The three cases in the Boyce trilogy were: Boyce (from Barbados), Matthew (from Trinidad and Tobago) and Watson (from Jamaica).
In the Jamaican case of Lambert Watson v The Queen ( 1 AC 400), the mandatory death penalty, which existed for certain types of murder only, was ruled unconstitutional. As Jamaica had amended its law in 1992, the Board held that the amended law was not protected by the particular savings clause in the Constitution of Jamaica.
In what Lord Anthony Gifford (2009) described as a ‘knife-edge’ decision in the cases relating to Trinidad and Tobago and Barbados, four of the nine members of the Privy Council would also have quashed the mandatory death penalty in Trinidad and Tobago and Barbados, but the five remaining members held in Matthew v The State and Boyce and Joseph v R, that the particular savings clauses in the constitutions of these two countries protected the mandatory penalty from constitutional challenge.
In the case of Lennox Boyce and Jeffrey Joseph v The Queen ( UKPC 34), from Barbados, the Privy Council held that the mandatory death penalty was protected by the ‘savings clause’ in the country’s Constitution. In a 5-4 majority, the Board held that although the mandatory death penalty constituted inhuman or degrading treatment or punishment according to the Constitution of Barbados, this could not invalidate the law as it had predated the Constitution.
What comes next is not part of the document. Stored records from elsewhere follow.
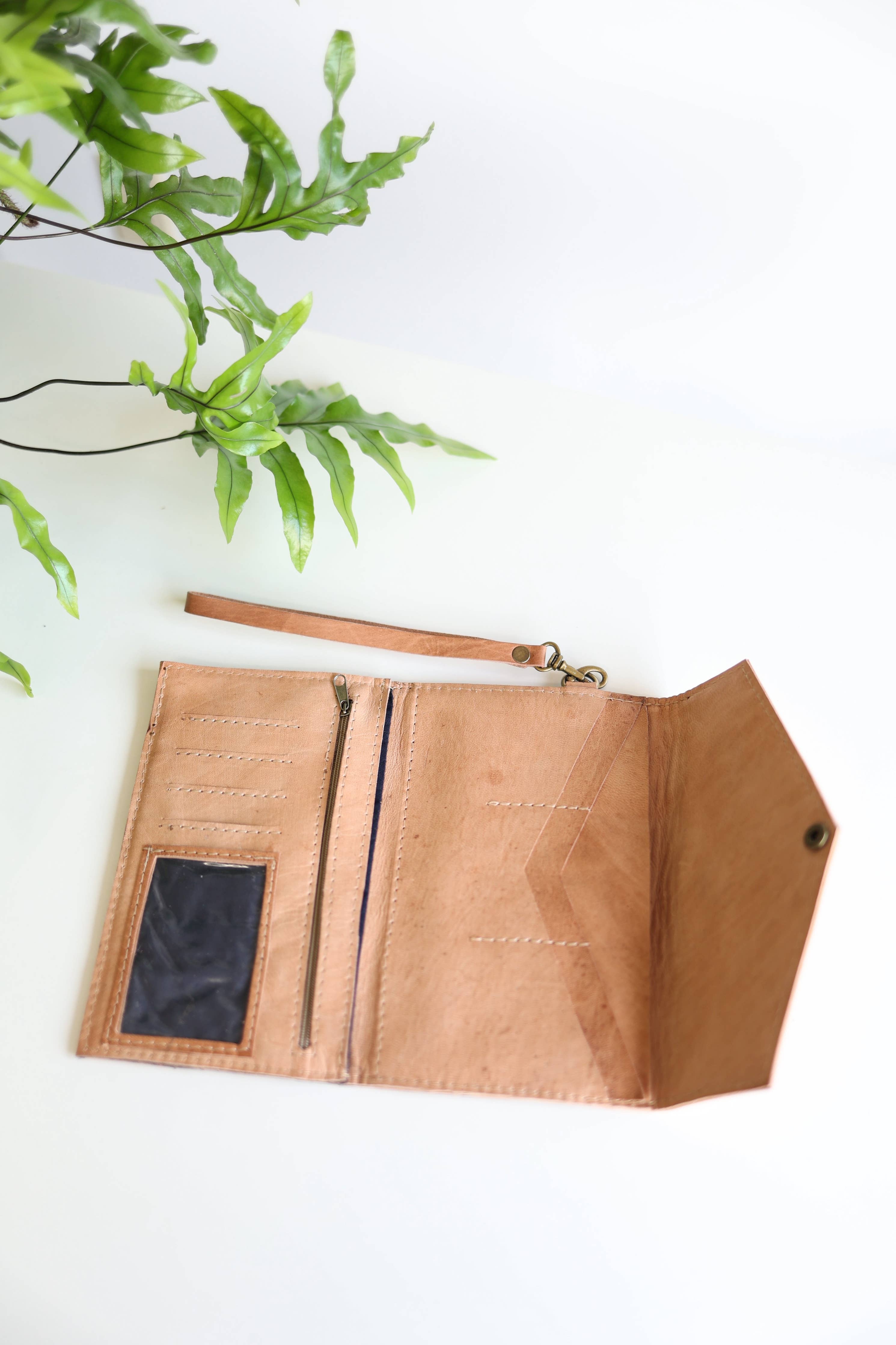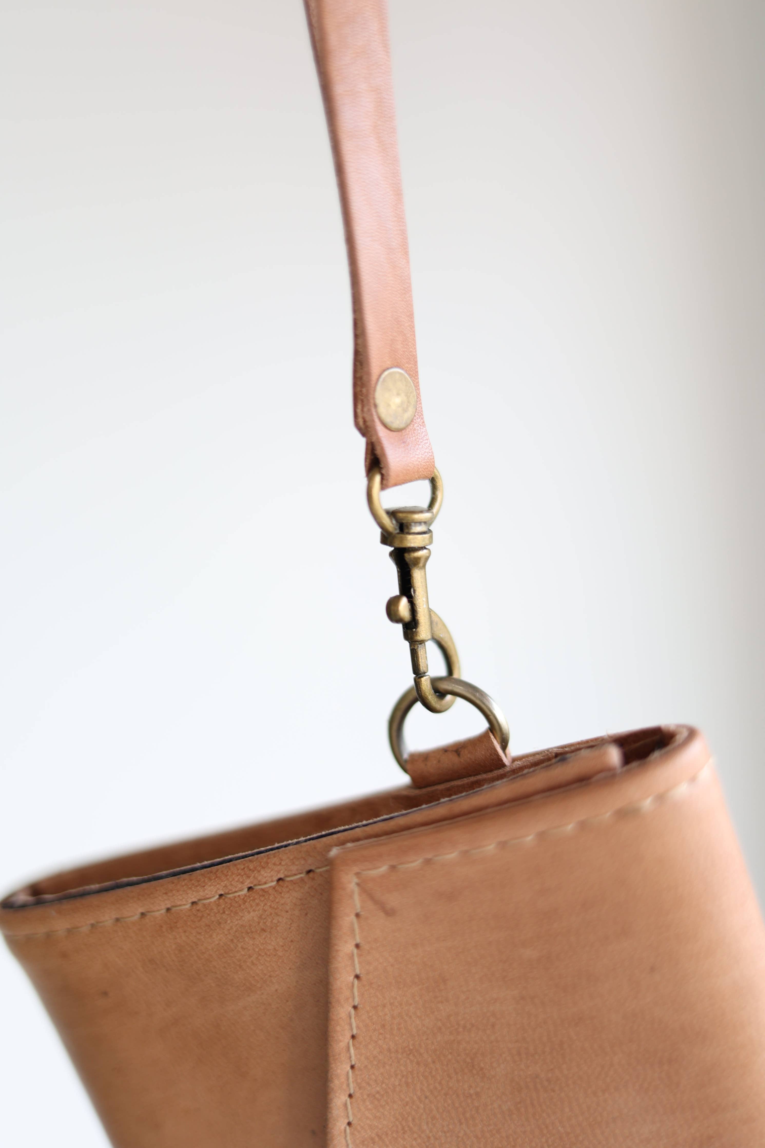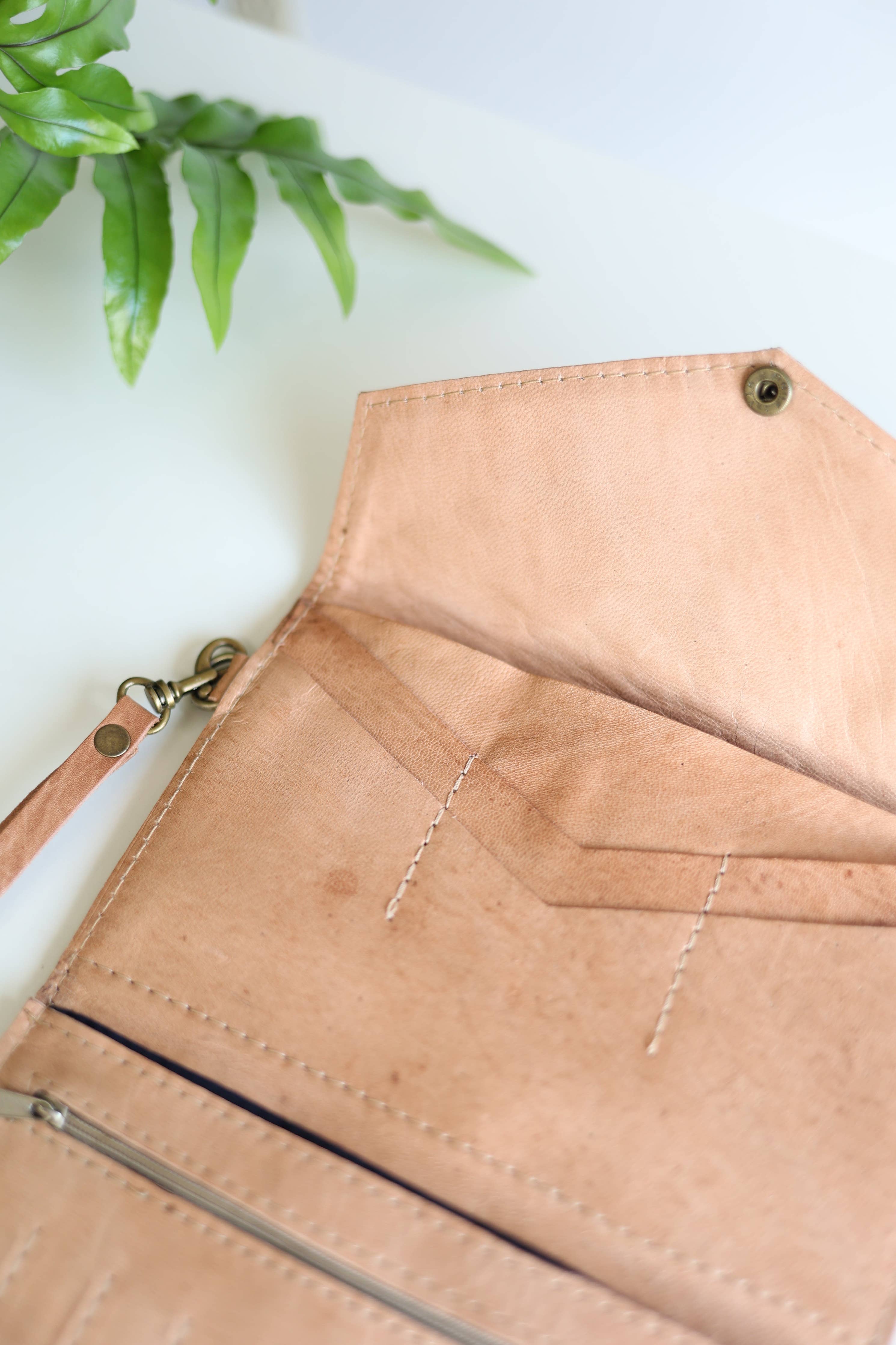 Features a brass snap, a leather wristlet for carrying and interior zipper.
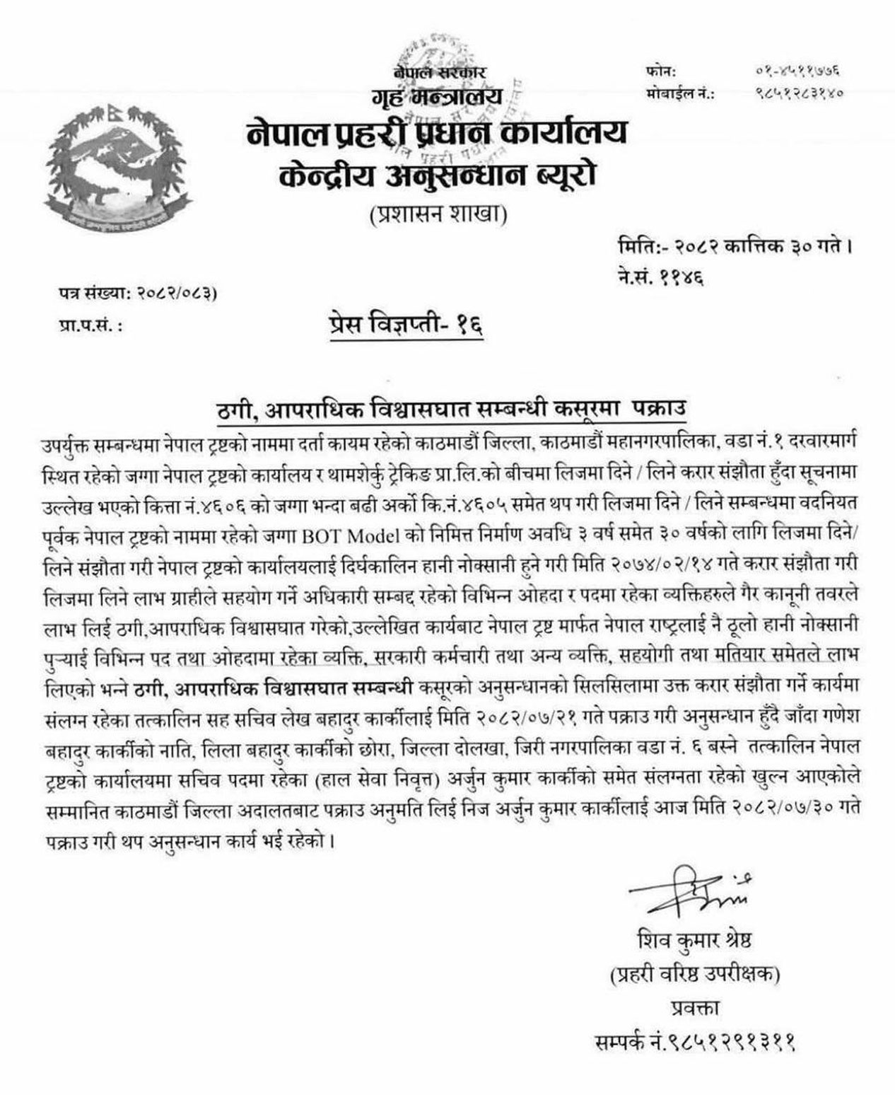 दरबारमार्गस्थित ट्रस्टको जग्गा नेपाल ट्रस्ट र श्यामशेर्कु ट्रेकिङ प्रालिलाई लिजमा दिने सम्झौता हुँदा अनियमिता गरेको आरोप लागेपछि प्रहरीले अनुसन्धान थालेको थियो।
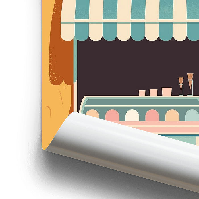 With this illustration of a gelateria façade, I want to depict the charming streets of Italy. The colours of the Mediterranean palette bring warmth and nostalgia. Perfect for adding a touch of Italian flair to your interiors for ice cream lovers and lovers of Italian culture alike.
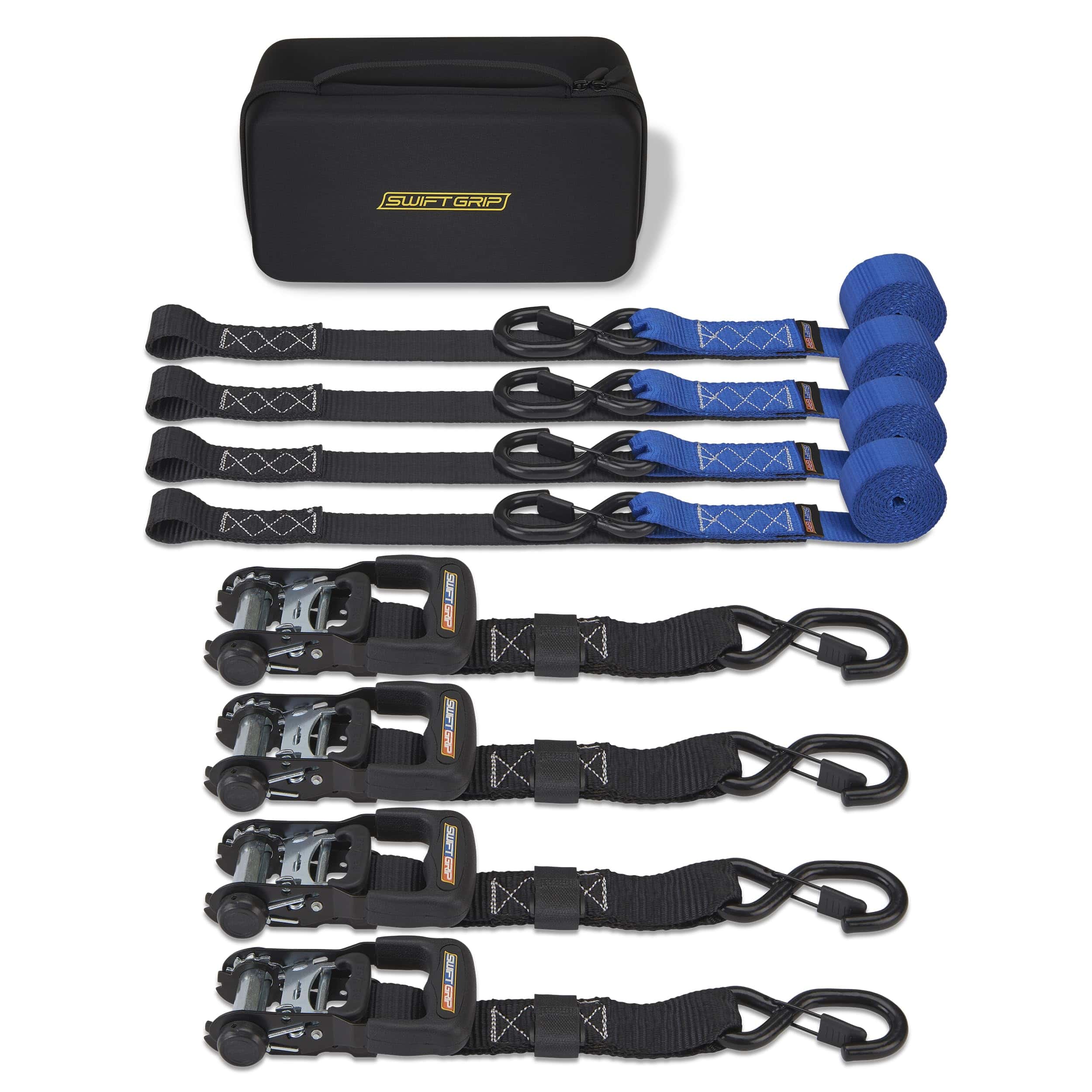 ¡Eleva la seguridad de tu carga hoy! Nuestras correas de trinquete para trabajo pesado son el epítome de confiabilidad, diseñadas para cumplir sus promesas cada vez. Protege tu carga con precisión utilizando ganchos suaves integrados para motocicletas, motos de tierra y amarres UTV. Despídete de los extremos sueltos de la correa, nuestra correa de velcro asegura una configuración ordenada y un almacenamiento fácil, ideal para camiones, motocicletas de tierra y más. El resistente estuche de transporte organizan el almacenamiento para tus correas de trinquete para trabajo pesado. Ya sea que busques correas de trinquete para motocicletas, amarres para camiones, o correas de amarre para motocicletas de tierra, nuestro producto brilla con luz propia. Confía en nuestra promesa Swift Grip para obtener calidad premium con ratchets de acero, ganchos en S resistentes a los arañazos, y correas de mezcla de poli irrompibles, todo respaldado por una garantía. No esperes más, asegura tu carga con confianza hoy!
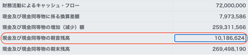 Step4 「現金及び現金同等物の期末残高」の数字を確認する
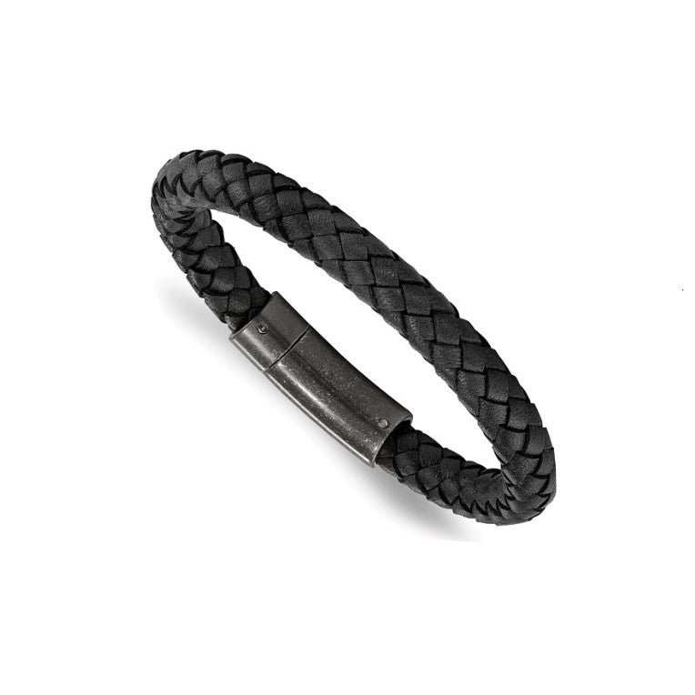 Brushed Black Stainless Steel Black Braided Leather Bracelet
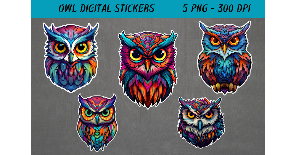 Fantasy Owl Stickers: Colorful PNG Clipart (Digital Download)
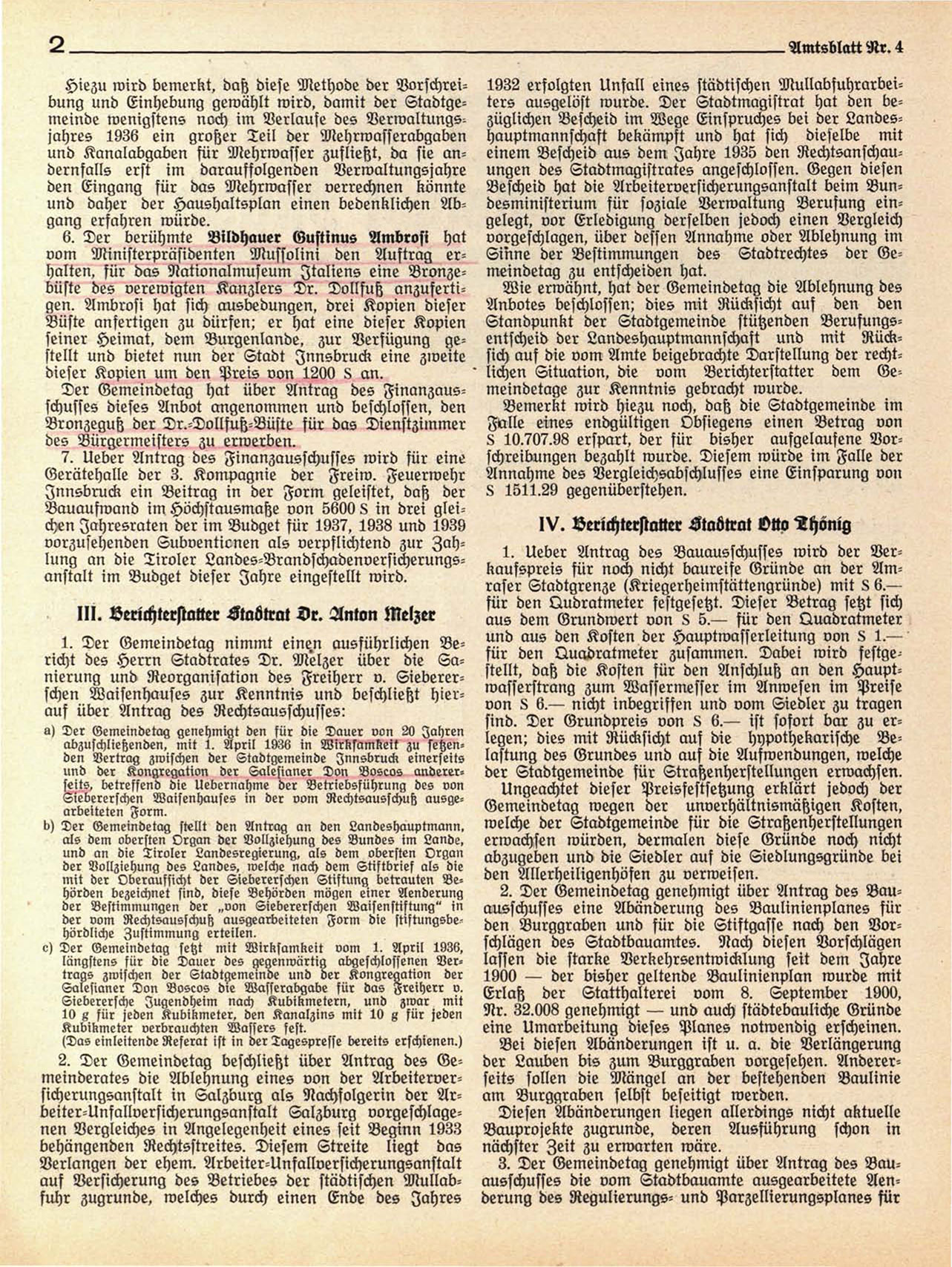 III. Berichterstatter Staötrat Dr. Anton Melzer
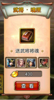 3. 武将.魂匣:达到 VIP8 后开启,单次抽取花费 400 黄金,每次可获得 10 样物品,有机率获得只有魂匣才拥有的专属武将。
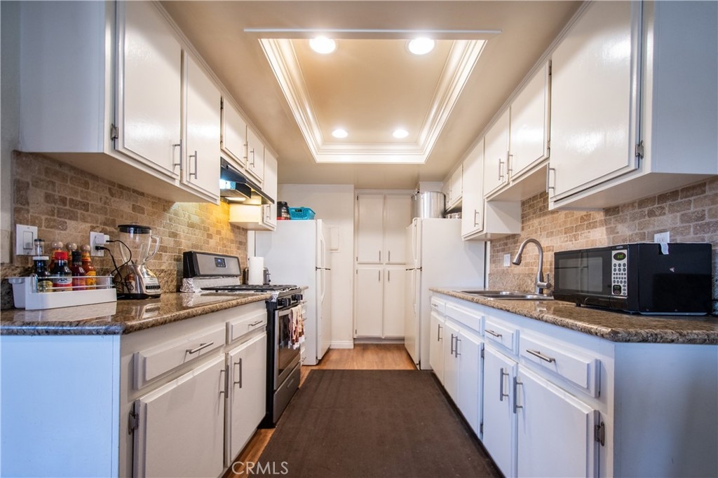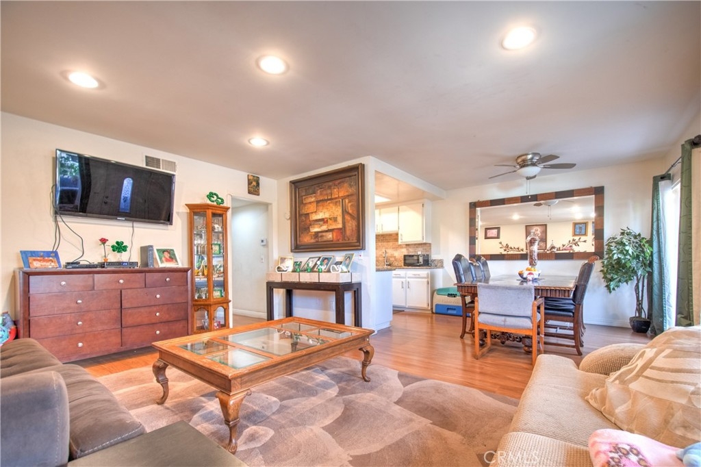 This is a wonderful carriage unit with a large living room/dining room area. The kitchen is spacious with plenty of counter space and it is nicely upgraded with granite countertops, tiled backsplash, moldings, and recessed lighting. Other upgrades include laminate wood flooring, remodeled baths, mirrored closet doors, retextured ceilings, newer sliding door, newer front door with leaded glass, and paneled doors. Property features include inside laundry, 1 car garage, and a private patio. The Capistrano Villas is close the Mission, Los Rios District, and the dynamic down town are of San Juan Capistrano with amazing restaurants.
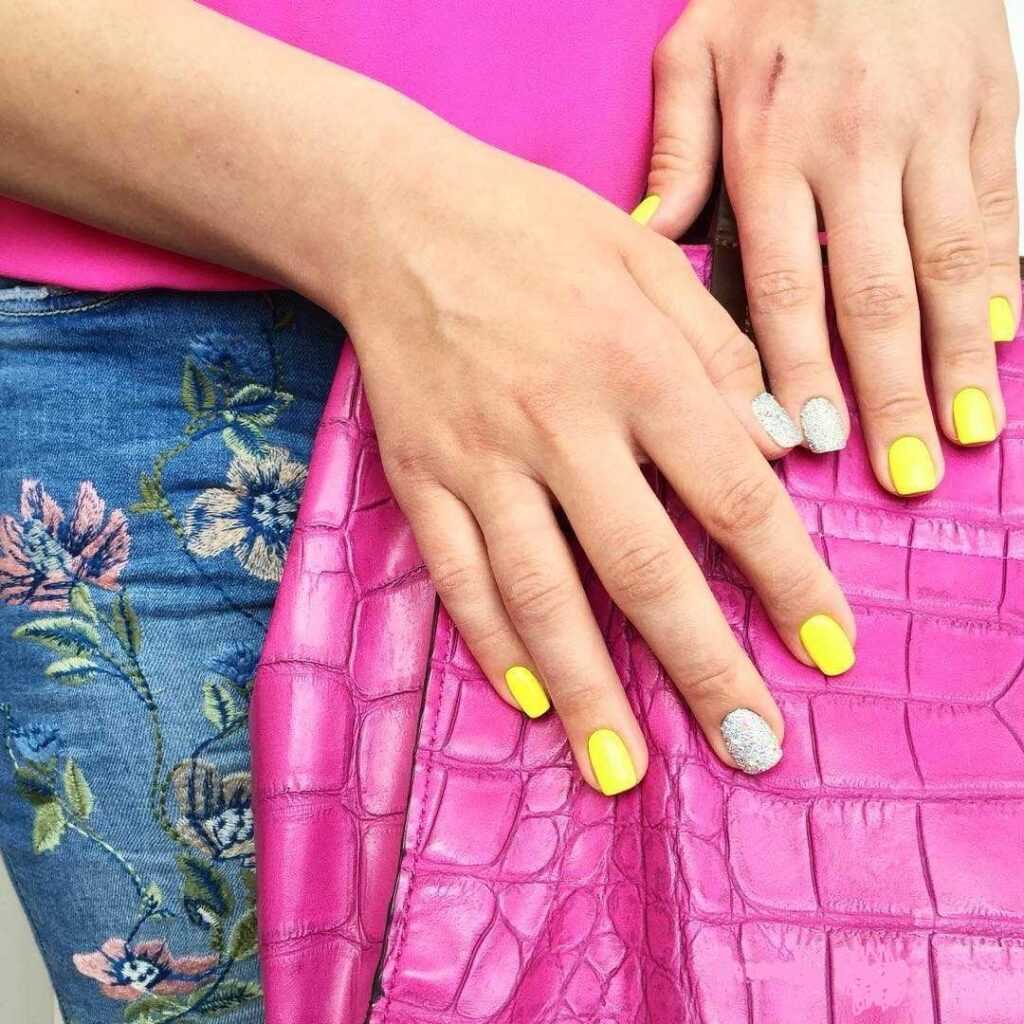 Желтый самый яркий, жизнерадостный и заметный. Он красиво смотрится на загорелых ручках. Если вы любите жизнерадостные оттенки, смело выбирайте желтый.

It was therefore up to the Parliament of Barbados to get rid of the mandatory death penalty, not the courts.
In Matthew v The State of Trinidad and Tobago ( 1 AC 433), the Privy Council reversed the earlier decision of Roodal ( 1 AC 328), and held that in Trinidad and Tobago, as in Barbados, the general savings clause in the Constitution protected the mandatory death penalty from constitutional challenge. In Trinidad and Tobago as well then, only legislation could remove this punishment. A strong dissent from Lord Nicholls of Birkenhead showed just how contentious the judgment was, Lord Nicholls stated that ‘Lives may depend on the outcome of this appeal’, he went on to say that despite acceptance of the mandatory death penalty until relatively recently:
‘Times have changed. Human rights values set higher standards today. The common endeavour, to rid the world of man’s inhumanity to man, has not ceased. Conduct, once tolerated, is no longer acceptable. Murder can be committed in all manner of circumstances. In some the death penalty will plainly be excessive and disproportionate.’
However, the majority of the Board held that the savings clauses of the constitutions of Trinidad and Tobago and Barbados meant that they were unable to act to strike down a punishment that would otherwise have contravened the constitutional rights guarantees of these countries.
Recently, there have been some moves away from the mandatory death penalty. In Trinidad and Tobago, a new Offences Against the Person Act was introduced in 2000. This would have introduced degrees of murder, capital and non-capital. However this Act was never commenced.
In Barbados, as noted, the Caribbean Court of Justice held that the mandatory death sentence was unconstitutional. Prior to this ruling, the government had given commitments regarding the abolition of the mandatory death penalty. It remains to be seen how the government will progress law reform in light of the recent ruling.